» **DATA SECTION**:
_ _ _
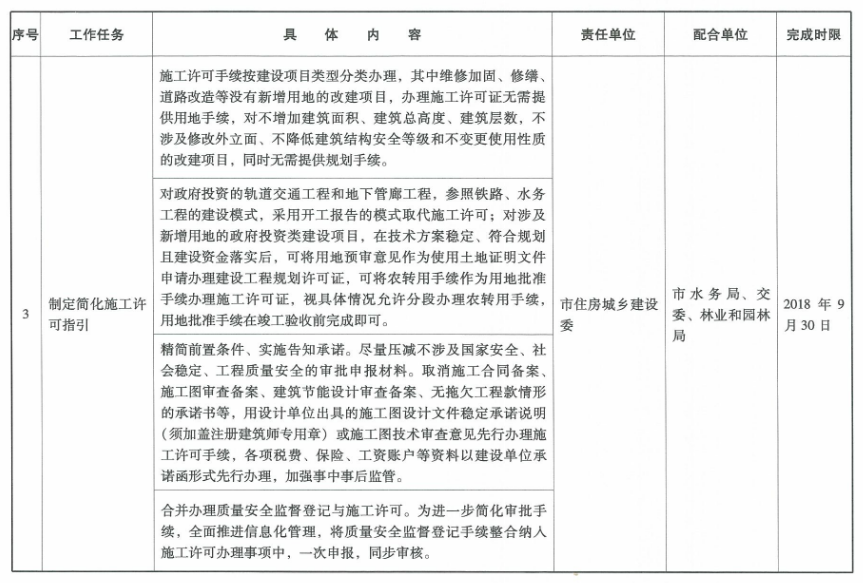 11.合并辦理質量安全監督登記與施工許可。全面推進信息化管理,將質量安全監督登記手續整合納入施工許可辦理事項中,一次申報,同步審核。(牽頭單位:市住房城鄉建設委)
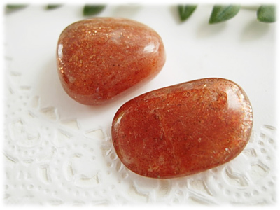 タンブルに磨かれたサンストーンです。 サンストーンは、ムーンストーンと同じ長石の仲間です。 内部に赤鉄鉱や針鉄鉱の微細な薄片状結晶を含み、太陽にキラキラと輝くことからサンストーンと名付けられました。 その名の通り、光のエネルギーを持つ石で、私達に太陽の力をもたらします。 生きる喜びや、自尊心、自信を高め、本当の自分が楽しく輝けるようにします。 第2、第3チャクラを活性化させ、高次の知識に則して行動することを促し、利己的な考えやエゴに基づいた考えを手放なすことを助けます。 直感力を高め、リーダーシップの力を教えます。
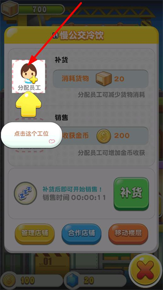 4、進入店鋪管理界面,點擊分配員工的工位,分配員工后能減少貨物消耗或增加金幣收獲,之后進行補貨,即可開始銷售獲取收益。
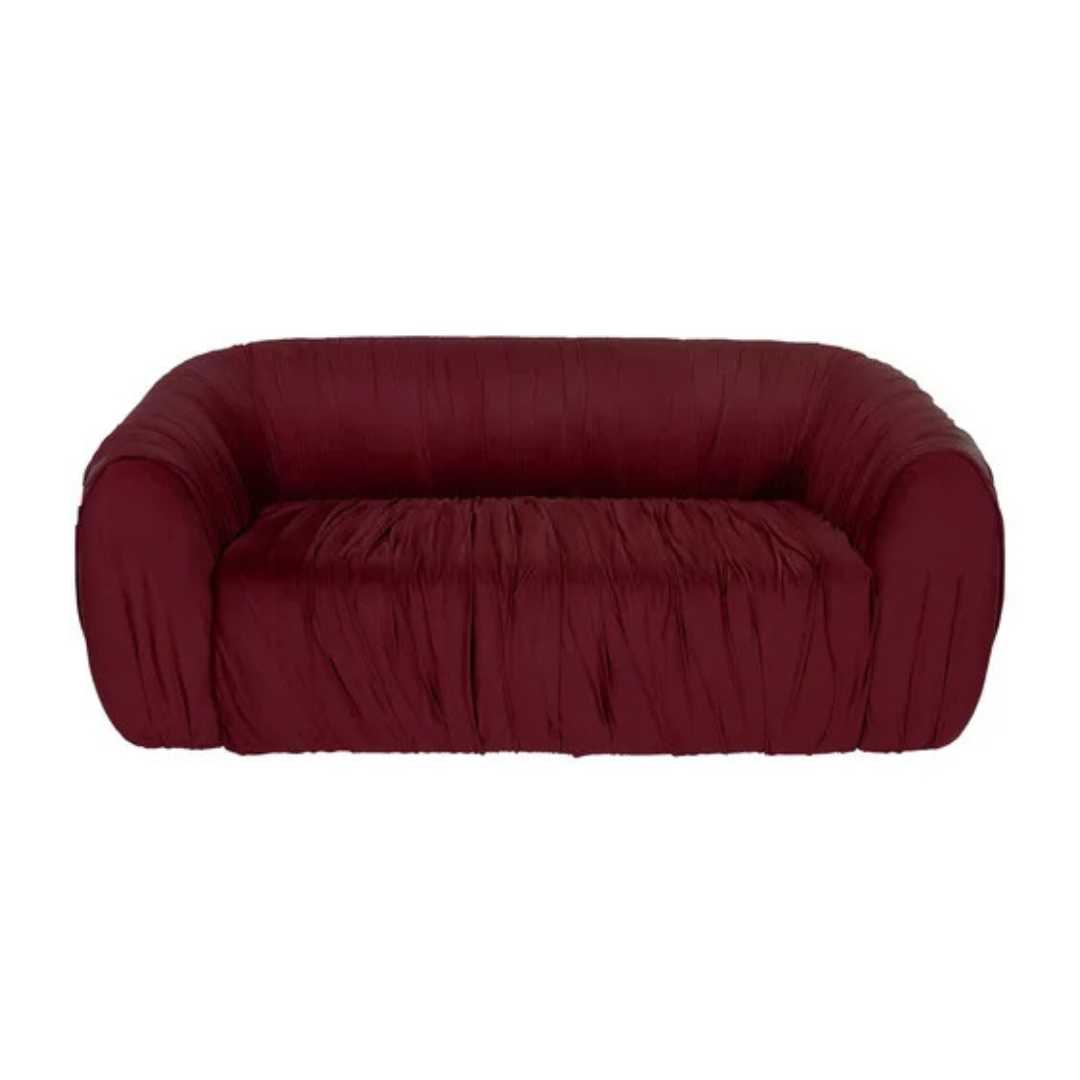 - O Sofá Drapê com sua estrutura sólida, de linhas retas e firmes, sustenta uma tapeçaria rica em detalhes, onde o drapeado do veludo aplicado manualmente cria uma textura fluida que contrasta de forma sofisticada com a rigidez da base
_ _ _
» **WHAT TO WORK ON**:
The listing above, line by line: print it exactly, but not its pictures.

» **EXERCISE OUTPUT**:
 11.合并辦理質量安全監督登記與施工許可。全面推進信息化管理,將質量安全監督登記手續整合納入施工許可辦理事項中,一次申報,同步審核。(牽頭單位:市住房城鄉建設委)
 タンブルに磨かれたサンストーンです。 サンストーンは、ムーンストーンと同じ長石の仲間です。 内部に赤鉄鉱や針鉄鉱の微細な薄片状結晶を含み、太陽にキラキラと輝くことからサンストーンと名付けられました。 その名の通り、光のエネルギーを持つ石で、私達に太陽の力をもたらします。 生きる喜びや、自尊心、自信を高め、本当の自分が楽しく輝けるようにします。 第2、第3チャクラを活性化させ、高次の知識に則して行動することを促し、利己的な考えやエゴに基づいた考えを手放なすことを助けます。 直感力を高め、リーダーシップの力を教えます。
 4、進入店鋪管理界面,點擊分配員工的工位,分配員工后能減少貨物消耗或增加金幣收獲,之后進行補貨,即可開始銷售獲取收益。
 - O Sofá Drapê com sua estrutura sólida, de linhas retas e firmes, sustenta uma tapeçaria rica em detalhes, onde o drapeado do veludo aplicado manualmente cria uma textura fluida que contrasta de forma sofisticada com a rigidez da base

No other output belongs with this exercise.